▶ _Problem to work on_
In full and word for word, print the data below.

□ □ □ □ □

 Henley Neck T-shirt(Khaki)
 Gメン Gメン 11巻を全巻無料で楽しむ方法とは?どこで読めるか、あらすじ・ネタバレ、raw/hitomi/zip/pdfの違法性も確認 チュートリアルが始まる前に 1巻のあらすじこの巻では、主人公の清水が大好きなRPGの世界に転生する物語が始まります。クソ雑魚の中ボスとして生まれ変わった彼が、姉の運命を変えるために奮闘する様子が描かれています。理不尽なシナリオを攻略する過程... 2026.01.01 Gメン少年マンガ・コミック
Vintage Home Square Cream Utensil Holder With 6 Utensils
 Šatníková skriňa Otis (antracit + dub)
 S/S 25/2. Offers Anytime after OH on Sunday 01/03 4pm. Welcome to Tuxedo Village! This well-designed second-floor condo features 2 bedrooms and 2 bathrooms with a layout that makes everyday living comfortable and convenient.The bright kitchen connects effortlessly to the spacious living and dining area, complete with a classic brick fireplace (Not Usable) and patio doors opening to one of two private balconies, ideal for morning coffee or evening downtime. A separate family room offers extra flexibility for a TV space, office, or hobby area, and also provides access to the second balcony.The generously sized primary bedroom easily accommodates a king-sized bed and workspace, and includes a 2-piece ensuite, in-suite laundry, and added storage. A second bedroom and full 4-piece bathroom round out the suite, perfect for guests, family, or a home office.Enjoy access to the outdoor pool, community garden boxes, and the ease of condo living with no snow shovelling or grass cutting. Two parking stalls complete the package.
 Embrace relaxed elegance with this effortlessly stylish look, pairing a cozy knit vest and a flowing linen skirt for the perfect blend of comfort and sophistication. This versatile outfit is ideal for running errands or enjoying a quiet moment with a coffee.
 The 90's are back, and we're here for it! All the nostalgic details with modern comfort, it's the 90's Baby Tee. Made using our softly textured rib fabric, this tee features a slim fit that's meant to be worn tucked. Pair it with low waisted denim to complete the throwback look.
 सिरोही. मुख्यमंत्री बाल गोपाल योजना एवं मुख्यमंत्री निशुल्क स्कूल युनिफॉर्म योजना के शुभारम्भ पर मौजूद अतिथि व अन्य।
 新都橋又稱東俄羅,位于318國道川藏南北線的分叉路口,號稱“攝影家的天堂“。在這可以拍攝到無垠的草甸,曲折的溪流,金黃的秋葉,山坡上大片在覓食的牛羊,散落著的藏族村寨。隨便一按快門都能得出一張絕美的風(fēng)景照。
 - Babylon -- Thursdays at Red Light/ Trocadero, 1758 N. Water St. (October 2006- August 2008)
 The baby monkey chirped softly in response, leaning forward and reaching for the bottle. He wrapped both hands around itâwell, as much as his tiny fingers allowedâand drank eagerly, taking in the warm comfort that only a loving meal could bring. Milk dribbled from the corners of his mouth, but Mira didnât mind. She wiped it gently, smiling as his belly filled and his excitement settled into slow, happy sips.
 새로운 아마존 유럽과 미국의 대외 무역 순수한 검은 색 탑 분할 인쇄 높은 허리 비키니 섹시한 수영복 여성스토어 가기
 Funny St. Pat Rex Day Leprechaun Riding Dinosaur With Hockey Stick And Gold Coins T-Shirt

□ □ □ □ □

▶ _Response area_
 Henley Neck T-shirt(Khaki)
 Gメン Gメン 11巻を全巻無料で楽しむ方法とは?どこで読めるか、あらすじ・ネタバレ、raw/hitomi/zip/pdfの違法性も確認 チュートリアルが始まる前に 1巻のあらすじこの巻では、主人公の清水が大好きなRPGの世界に転生する物語が始まります。クソ雑魚の中ボスとして生まれ変わった彼が、姉の運命を変えるために奮闘する様子が描かれています。理不尽なシナリオを攻略する過程... 2026.01.01 Gメン少年マンガ・コミック
Vintage Home Square Cream Utensil Holder With 6 Utensils
 Šatníková skriňa Otis (antracit + dub)
 S/S 25/2. Offers Anytime after OH on Sunday 01/03 4pm. Welcome to Tuxedo Village! This well-designed second-floor condo features 2 bedrooms and 2 bathrooms with a layout that makes everyday living comfortable and convenient.The bright kitchen connects effortlessly to the spacious living and dining area, complete with a classic brick fireplace (Not Usable) and patio doors opening to one of two private balconies, ideal for morning coffee or evening downtime. A separate family room offers extra flexibility for a TV space, office, or hobby area, and also provides access to the second balcony.The generously sized primary bedroom easily accommodates a king-sized bed and workspace, and includes a 2-piece ensuite, in-suite laundry, and added storage. A second bedroom and full 4-piece bathroom round out the suite, perfect for guests, family, or a home office.Enjoy access to the outdoor pool, community garden boxes, and the ease of condo living with no snow shovelling or grass cutting. Two parking stalls complete the package.
 Embrace relaxed elegance with this effortlessly stylish look, pairing a cozy knit vest and a flowing linen skirt for the perfect blend of comfort and sophistication. This versatile outfit is ideal for running errands or enjoying a quiet moment with a coffee.
 The 90's are back, and we're here for it! All the nostalgic details with modern comfort, it's the 90's Baby Tee. Made using our softly textured rib fabric, this tee features a slim fit that's meant to be worn tucked. Pair it with low waisted denim to complete the throwback look.
 सिरोही. मुख्यमंत्री बाल गोपाल योजना एवं मुख्यमंत्री निशुल्क स्कूल युनिफॉर्म योजना के शुभारम्भ पर मौजूद अतिथि व अन्य।
 新都橋又稱東俄羅,位于318國道川藏南北線的分叉路口,號稱“攝影家的天堂“。在這可以拍攝到無垠的草甸,曲折的溪流,金黃的秋葉,山坡上大片在覓食的牛羊,散落著的藏族村寨。隨便一按快門都能得出一張絕美的風(fēng)景照。
 - Babylon -- Thursdays at Red Light/ Trocadero, 1758 N. Water St. (October 2006- August 2008)
 The baby monkey chirped softly in response, leaning forward and reaching for the bottle. He wrapped both hands around itâwell, as much as his tiny fingers allowedâand drank eagerly, taking in the warm comfort that only a loving meal could bring. Milk dribbled from the corners of his mouth, but Mira didnât mind. She wiped it gently, smiling as his belly filled and his excitement settled into slow, happy sips.
 새로운 아마존 유럽과 미국의 대외 무역 순수한 검은 색 탑 분할 인쇄 높은 허리 비키니 섹시한 수영복 여성스토어 가기
 Funny St. Pat Rex Day Leprechaun Riding Dinosaur With Hockey Stick And Gold Coins T-Shirt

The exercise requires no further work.